Но он только теперь начал понимать положение брата и сестры: действительно, лучше было то, что им не приходилось, как другим детям, копаться в хламе на basurero, отыскивая и сортируя нужное. А хуже было то, что Лупе и Хуан Диего вызывали в Герреро возмущение у мусорщиков и их семей. Эти двое детей свалки, возможно, получали защиту от Риверы (почему и вызывали возмущение), но el jefe был не совсем их отцом. А их мать, работавшая ночами на улице Сарагоса, была проституткой, которая на самом деле не жила в Герреро.
Везде своя неофициальная иерархия, с грустью подумал брат Пепе.
– Что такое иерархия? – спросила своего брата Лупе. (Только теперь Пепе начал понимать, что девочка знала, о чем он думает.)
– Неофициальная иерархия – это то, что другие niños de la basura считают себя выше нас, – сказал Хуан Диего сестре.
– Совершенно верно, – сказал Пепе, чувствуя себя не в своей тарелке.
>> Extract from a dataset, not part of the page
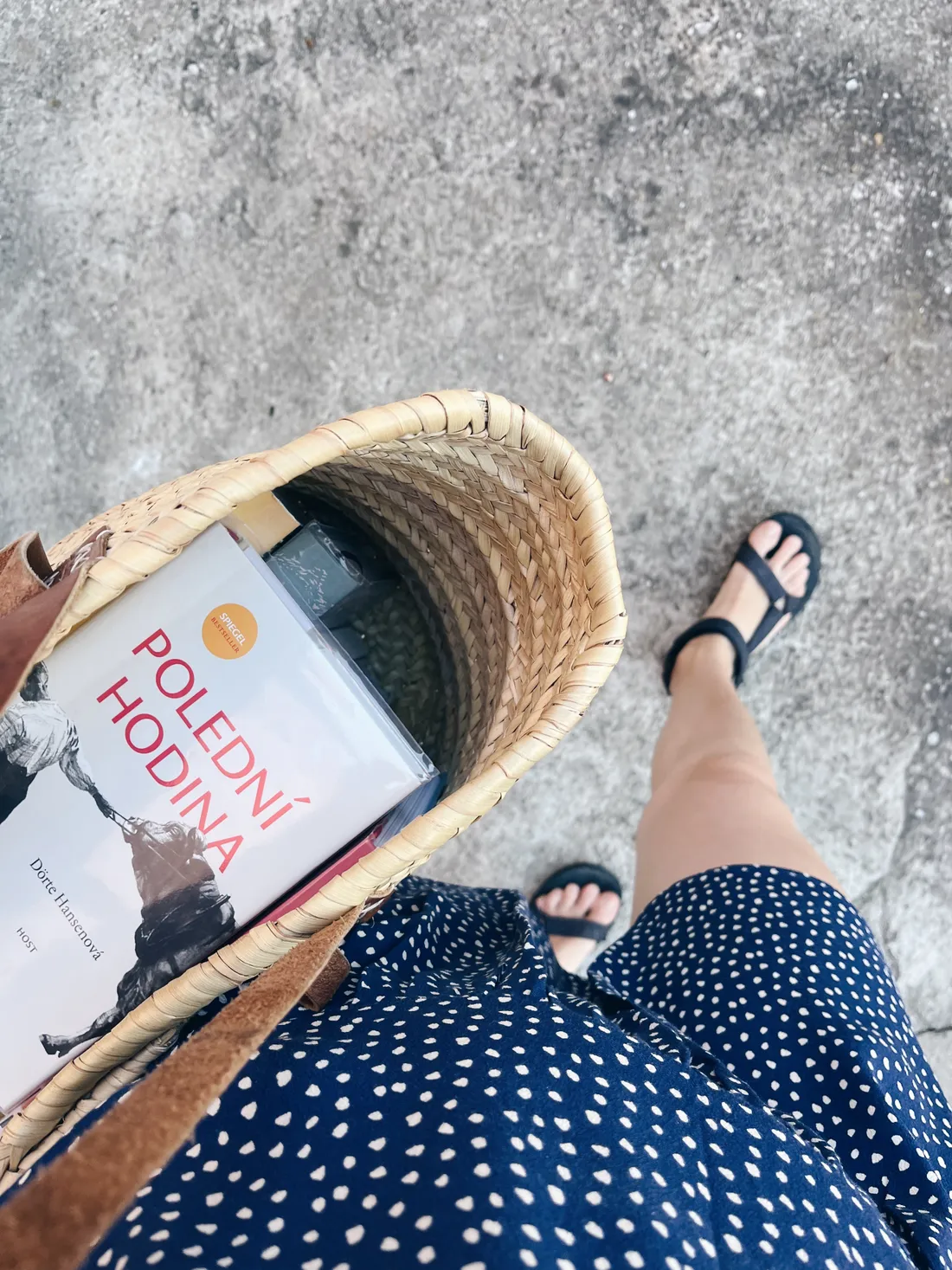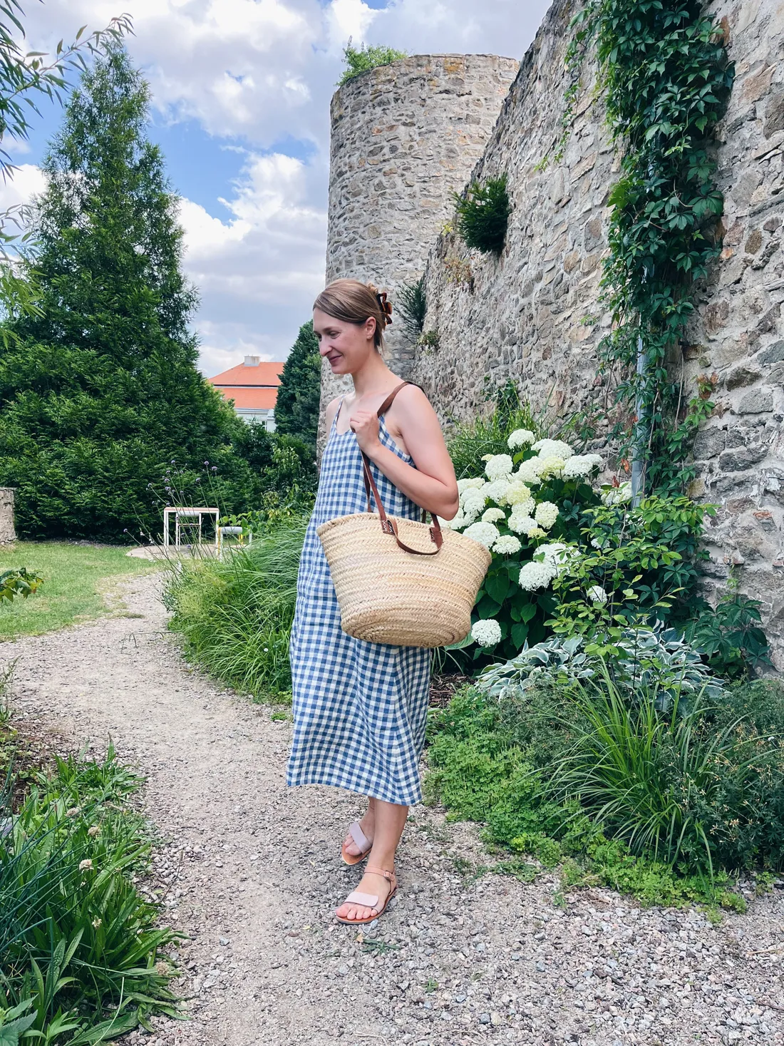 Vybrala jsem lněné kalhoty z NILA Store, vintage kabelku na pár nezbytností a balerínky, které nosím v jednom kuse, jsou to tyhle. Původně jsem se na podobné semišové baleríny dívala u Cayumas, ale měla jsem obavu, abych strefila správnou velikost, navíc když by ke mně šly ze zahraničí. Nakonec jsem koupila tyhle obyčejné a udržitelné balerínky počkají na jinou sezonu.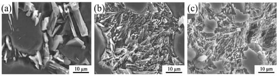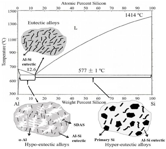 The solid solubility of Si in aluminum is 1.65 wt.% (577 °C), but decreased to 0.05 wt.% at room temperature [23]. The addition of Si to aluminum alloy can reduce the volume shrinkage and improve the fluidity, thus improving the casting performance of aluminum alloy [24]. For Al–Si cast aluminum alloy, the Si content is usually selected between 5% and 23%, and the Al–Si eutectic reaction occurs at 12.6 wt.% Si [25]. As shown in Figure 2, different Si contents lead to different microstructure of Al-Si alloys. The influence of Si elements on the mechanical properties of the alloy is related to the Si content and the morphology of eutectic silicon particles: when the Si content is between 4 and 20%, the yield strength first increases and then decreases with the increase of Si content [26]. In addition, the addition of Si to the alloy often results in the formation of large plate-strip eutectic structure, and the morphology of eutectic Si is usually changed from large plate-strip to small fibrous morphology through modification to improve the toughness of the alloy [27].

Он явился сюда, чтобы встретиться с читателем свалки, мальчиком из Герреро, о котором было столько слухов, – встретиться и как хороший учитель передать ему правильные книги, а в результате оказалось, что ему самому, иезуиту Пепе, следует многому научиться.
Именно в этот момент и обнаружила себя постоянно скулящая, но невидимая собака, если так можно было назвать юркое маленькое существо, выползшее из-под дивана, похожее скорее на кого-то из грызунов, чем из псовых, подумал Пепе.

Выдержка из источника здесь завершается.